Yeah I feel you sorry i just don't know much about either dog as far as how they them selves were just that the line is good producing.


----------



## ggates415 (Jun 8, 2009)

ok thank u very much.. hopefully sumbody on here does.


----------



## Sadie (Jun 18, 2008)

I have Nico Jr AND Crazy Legs in my pup bogarts Pedigree

ONLINE PEDIGREES :: [328954] :: A'S BOGART

Both dogs were produced by Stone City Kennels  What else do you want to know?

And I LOVE my pup he is a freaking awesome little guy!!! I am very fond of Stone City Kennels they produce some fantastic bulldogs! They are also a member on game dog you can try sending them a PM if you want to get some more info about them. But you can't go wrong with this blood.


----------



## ggates415 (Jun 8, 2009)

ima pm you


----------



## Sadie (Jun 18, 2008)

Sure no problem


----------



## Sadie (Jun 18, 2008)

ch nico jr - Pit Bull Forums

Here you go


----------



## Kayo45 (Oct 12, 2010)

Nico Jr. was a head dog like his sire Nico. Don't know about the Crazy legs dog though.

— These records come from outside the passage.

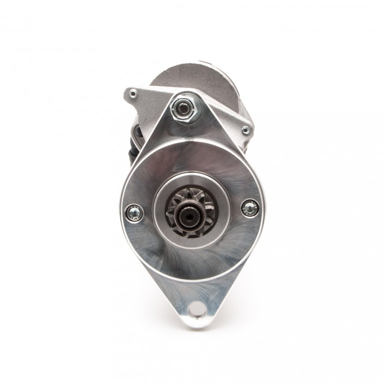 9 toothed gear. Strong, powerful, offset gear-reduced starter motor, delivering huge cranking torque through a set of steel internal gears.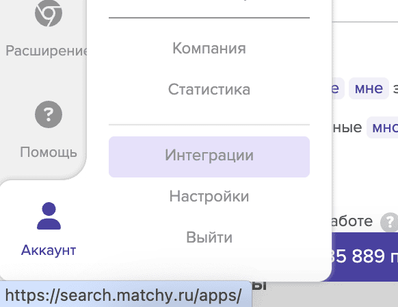 Далее перейдите в раздел интеграций Мэтчи (в левом нижнем углу, в меню раздела Аккаунт):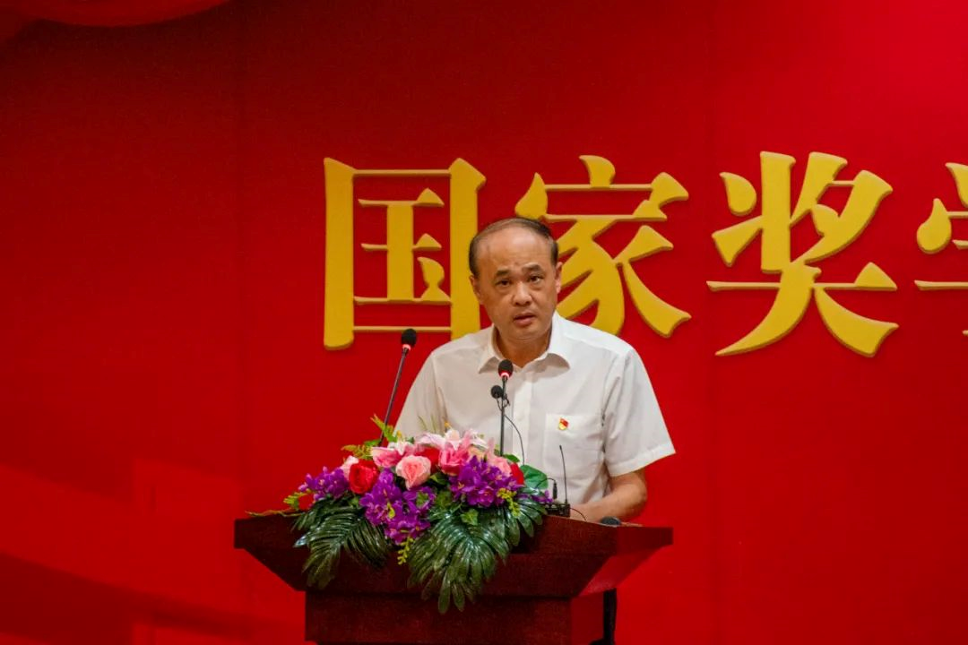 党委书记苏宁宣读表彰决定。苏宁书记宣读了《广州华商学院关于表彰21名学生荣获2020-2021学年度国家奖学金的决定》《广州华商学院关于表彰570名学生荣获国家励志奖学金的决定》和《广州华商学院关于表彰2020-2021学年先进班集体、优秀学生和优秀学生干部的决定》等决定。苏宁书记对以上获奖的个人和集体表示祝贺,鼓励同学们向受表彰的同学和班集体学习,争做一名德智体美劳全面发展的优秀大学生,希望受表彰的同学和班集体再接再厉,发挥模范作用。

Stone City Kennels was the number 1 ranked kennel in peurto rico until they got beat by this dog that ended their 17 fight win streak they had going on and havent matched a dog since. ONLINE PEDIGREES :: [275929] :: HIGH GRADE'S DELILAH

That dog beat the number 2 kennel there also in TM CM. I like the dogs Stone City has and works with but they were talking negatively about High Grade and Frisco dogs and paid for it in the [] and tried to get TM CM to kill that dog but they still lost.


----------



## Sadie (Jun 18, 2008)

Good Post Kayo I would take anything off Stone City Kennels Yard Any day! They have some well bred hard tested proven bulldogs. You honestly can't go wrong with anything off their yard. You might pay a pretty penny for it though


----------



## ggates415 (Jun 8, 2009)

@kayo45 thank u 4 the info.. i really try not to get into all the chit chat about people because i wast there to see 4myself. all i care about is if the dogs are truely sumthing.. and just a quick thought since stone city has fire dogs but lost to a frisco dog how do u think that cross would work out lol? has any been made and noticed?


----------



## Sadie (Jun 18, 2008)

Oh there dogs are truly something alright  Your making a good choice! I am sure I could find a cross between the 2 people are crossing families all the time. I am positive you have some out there. Couldn't tell you if they work in the box though But I would imagine they would do well.


----------



## ggates415 (Jun 8, 2009)

ok ima ask sum mentors i know for more info.. i have a six month male with sum frisco/chinaman in em. if the both work out right i was considering it but ima need more thought and sleep on it


----------



## Firehazard (Dec 4, 2009)

two differnent strains different wind different fire .. STC excellent Tants Yellow/Bolio stuff, always liked Ratliffs dogs and I love a good bolio dog, Tonka being my favorite and Andy Capp also my favorite those two are just he bees knees, his legs and his wings; when it comes to bolio stuff IMO

But STC and STP and many other wouldnt use a J/R/B formula if wasnt producin [] quality dogs.. Sadie, you know your dogs all cold he's got NO fire.. LOL JK Thanks for throwin your ped back up thats a gooood pup, I love that lil guy and good dogs make the ped


----------



## Sadie (Jun 18, 2008)

FH bogart loves you too


----------



## Sadie (Jun 18, 2008)

ONLINE PEDIGREES :: [336658] :: PALESTINE KENNESL SAUL ¨EL CANELO¨ALVARES !!.

Here is one


----------